Balancing the highway books in the USA would be easy, and it's done already in most other parts of the world.
You've now admitted that most of the cost of maintaining and building roads in the US is borne by government subsidies.
I just looked up how Germany funds its road network. It turns out that 2/3rds of the funding comes from taxes (subsidies, in other words).[0]
0. https://bmdv.bund.de/DE/Themen/Mobilitaet/Infrastrukturplanu...
Funding is a subsidy only if it comes from tax/borrowing sources that aren't related to the thing being subsidized. If taxes levied on driving fund driving, that's not a subsidy. Also that page seems to be talking about all transport including railways, but we're only interested in roads here.

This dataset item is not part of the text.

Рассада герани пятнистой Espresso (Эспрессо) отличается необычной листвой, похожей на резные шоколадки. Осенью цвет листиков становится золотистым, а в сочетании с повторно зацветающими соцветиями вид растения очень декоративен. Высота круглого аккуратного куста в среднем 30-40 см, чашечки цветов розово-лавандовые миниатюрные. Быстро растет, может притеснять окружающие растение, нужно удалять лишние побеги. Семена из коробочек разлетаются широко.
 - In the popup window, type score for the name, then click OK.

Germany spends ~16B EUR per year on roads at the federal level:
https://www.statista.com/statistics/1293915/federal-expendit...
The amount it gets from motor taxes is vastly in excess of that:
https://www.destatis.de/EN/Themes/Society-Environment/Enviro...
That's not surprising because Germany has the highest motor taxes in Europe:
https://www.acea.auto/press-release/motor-vehicle-taxation-b...
The US does subsidize roads but it doesn't have to, hasn't done so in the recent past and arguably shouldn't be doing so.
Germany is highly federal. The federal government only covers a portion of the cost of road construction and maintenance, with state and local governments carrying much (a majority, I think) of costs.
From what I see in your 2nd link, motor taxes do not even cover the federal government's contribution to road construction and maintenance, not to even mention what state and local governments pay.
You're saying the US doesn't have to subsidize roads, but removing that subsidy would require the US to raise fuel taxes and tolls by 200%. Rail can also break even if prices are increased. The reason governments subsidize HSR is because it has positive externalities.